Both epidemiologic and clinical data in adults link a BP level above 140/90 mm Hg with a marked increase in risk for morbid events. However, no such data are available to link a BP level in childhood with an event such as heart failure, kidney failure, stroke, or death in adulthood some decades later. In the absence of outcome data on events that relate back to BP levels in childhood, the definition of hypertension in children and adolescents has been a statistical definition that is based on a body of normative data in children and adolescents. The upper 5 % of the normal BP distribution continues to be the basis on which hypertension in children and adolescents is defined [4]. This definition becomes more complicated due to the normal progressive rise in BP throughout childhood that is concurrent with growth and development. Therefore, the definition of hypertension in childhood is systolic and/or diastolic BP that is >95th percentile according to sex, age, and height. Because of consistent observations of variability in BP measurements in children, along with concerns about over-diagnosis of hypertension in children, a further requirement for defining hypertension in children is that the average BP must be >95th percentile over at least three separate measurement periods.

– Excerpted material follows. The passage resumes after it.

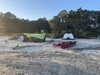We relaxed for the rest of the afternoon, entertaining ourselves with hammocking, dips in the ocean, and strolls down the beach. The mosquitos that we had been warned of appeared about 5 pm and Scott and Joey set up the Nemo Bugout tent that Scott had brought to give us respite from the little vampires who were relentless in their pursuit of our blood. From our safe haven we were able to make our dinners and still enjoy the beach and waves. We made a little campfire outside the tent which in theory helped deter the mosquitos, but in reality I don’t think they were discouraged one bit. Despite the mosquitos we were still able to enjoy the sunset and the changing colors over the ocean and island as the sun retreated were beautiful. After the sunset, we retired to our tents and hammocks, tired but satisfied after a fun day.

Previously, children who had a BP measurement above the 95th percentile but, with repeated measurements, had an average BP that was just below the 95th percentile were considered to have “high normal BP”. The 2004 National High Blood Pressure Education Program Working Group on High Blood Pressure in Children and Adolescents (Fourth Report) [5], in parallel with recent updated recommendations for the evaluation of elevated BP in adults [6], created a new designation of “prehypertension” to identify children at greatest risk for developing future hypertension. The definition for prehypertension replaced the term “high normal BP”. The criteria defining prehypertension were also statistically based and reflected expert opinion. The BP category of prehypertension in both adults and children was designed to identify a group of individuals for whom targeted preventive efforts could be most beneficial. This review discusses the reports on prehypertension that have been published since the 2004 Working Group report with consideration on the evolution of hypertensive disease beginning in the young.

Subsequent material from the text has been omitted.